> Assignment:
Repeat the listing word for word, but skip any pictures.

> Exercise data:

════

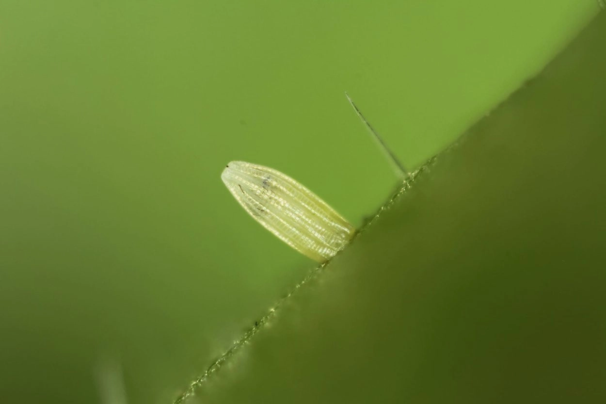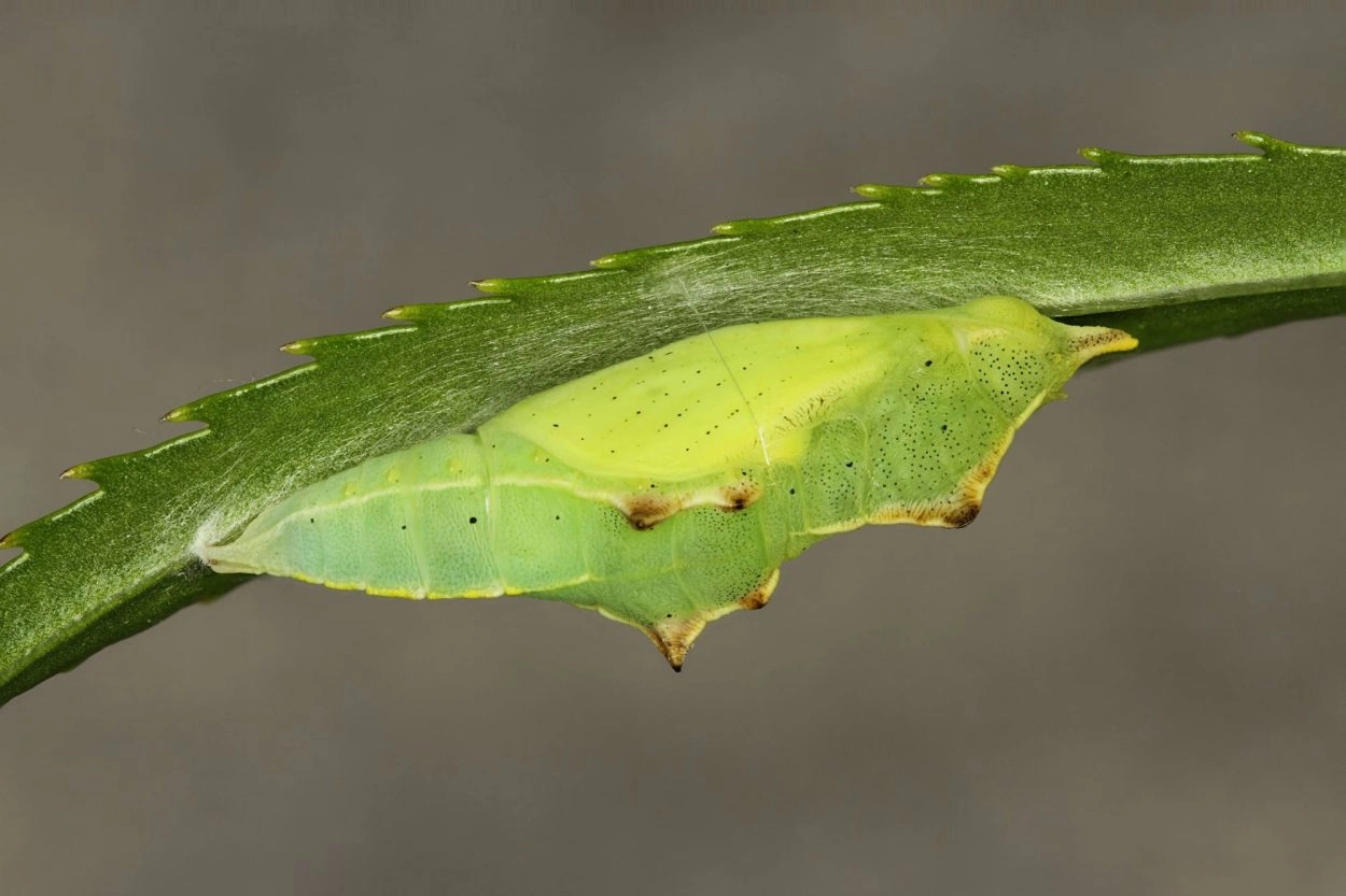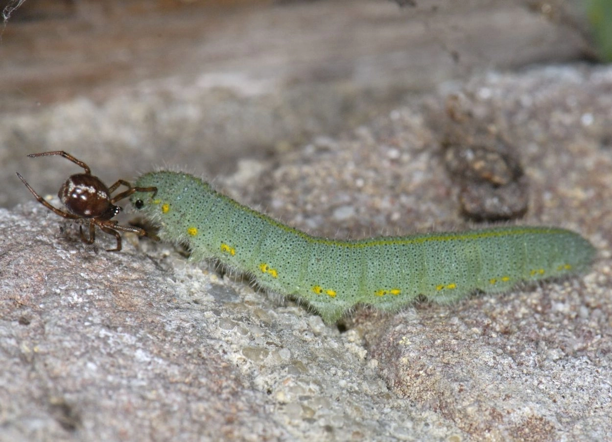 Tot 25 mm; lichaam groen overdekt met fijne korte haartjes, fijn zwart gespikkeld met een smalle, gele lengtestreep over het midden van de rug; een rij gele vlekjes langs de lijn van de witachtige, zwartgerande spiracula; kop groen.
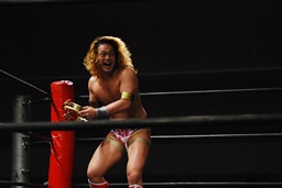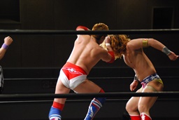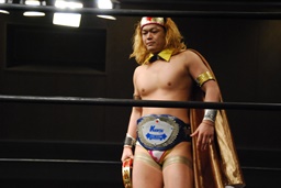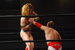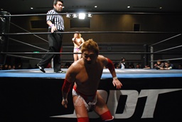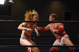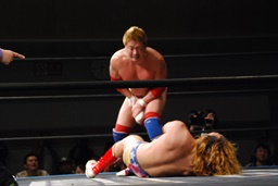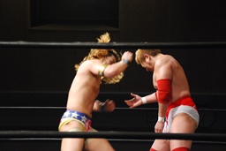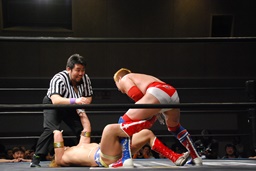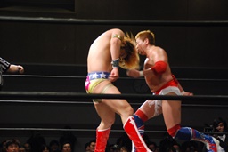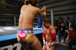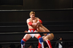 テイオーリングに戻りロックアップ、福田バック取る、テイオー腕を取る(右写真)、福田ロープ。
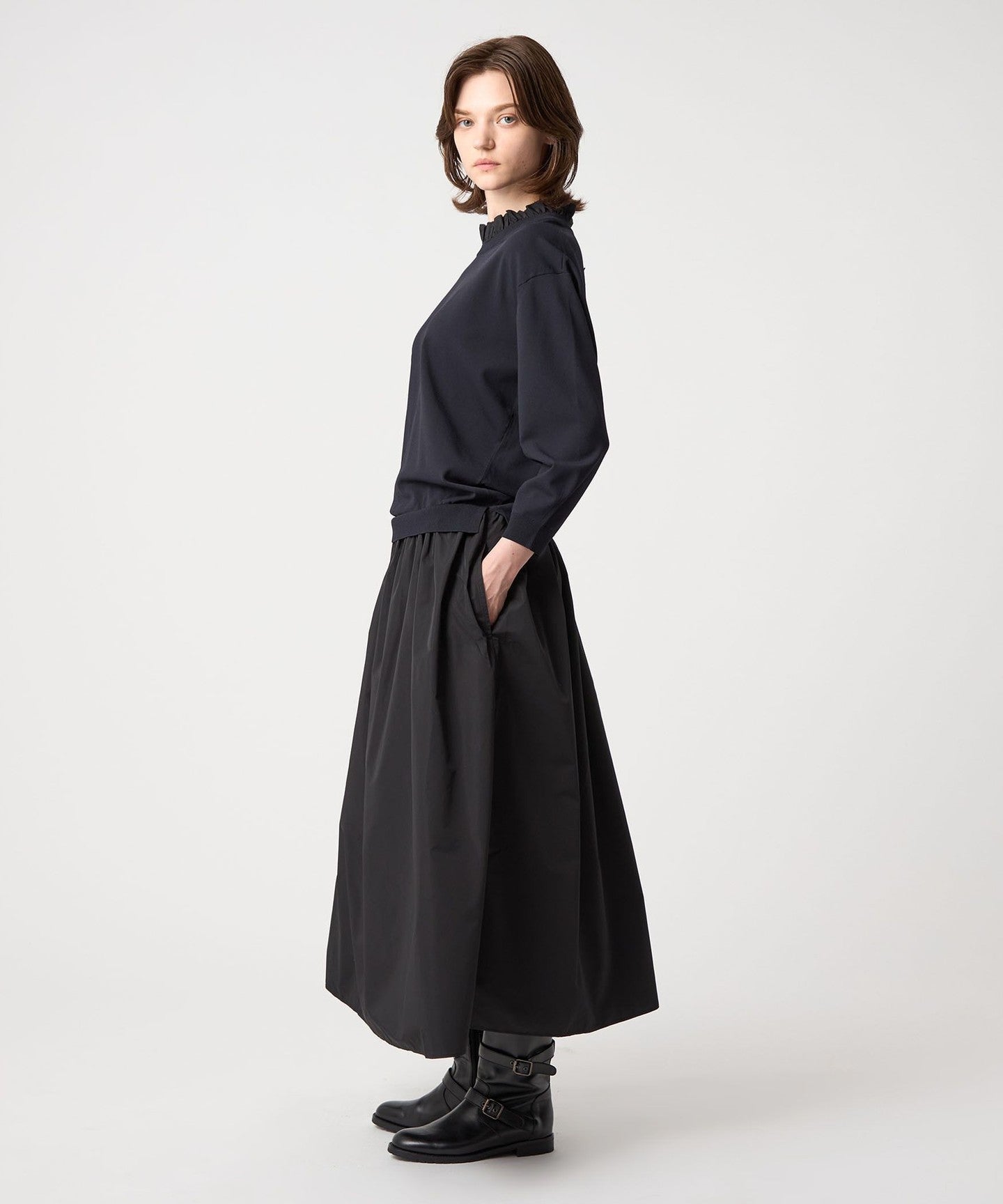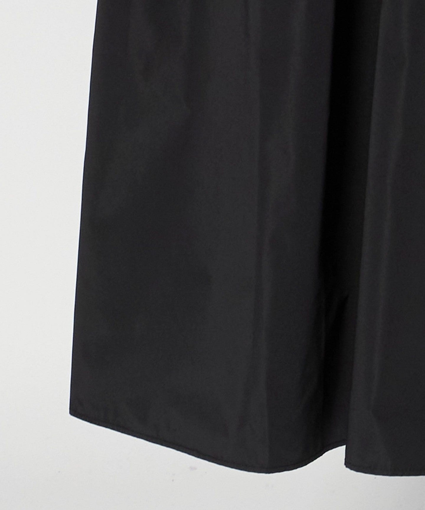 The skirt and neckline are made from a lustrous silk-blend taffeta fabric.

════

> Exercise response:
 Tot 25 mm; lichaam groen overdekt met fijne korte haartjes, fijn zwart gespikkeld met een smalle, gele lengtestreep over het midden van de rug; een rij gele vlekjes langs de lijn van de witachtige, zwartgerande spiracula; kop groen.
 テイオーリングに戻りロックアップ、福田バック取る、テイオー腕を取る(右写真)、福田ロープ。
 The skirt and neckline are made from a lustrous silk-blend taffeta fabric.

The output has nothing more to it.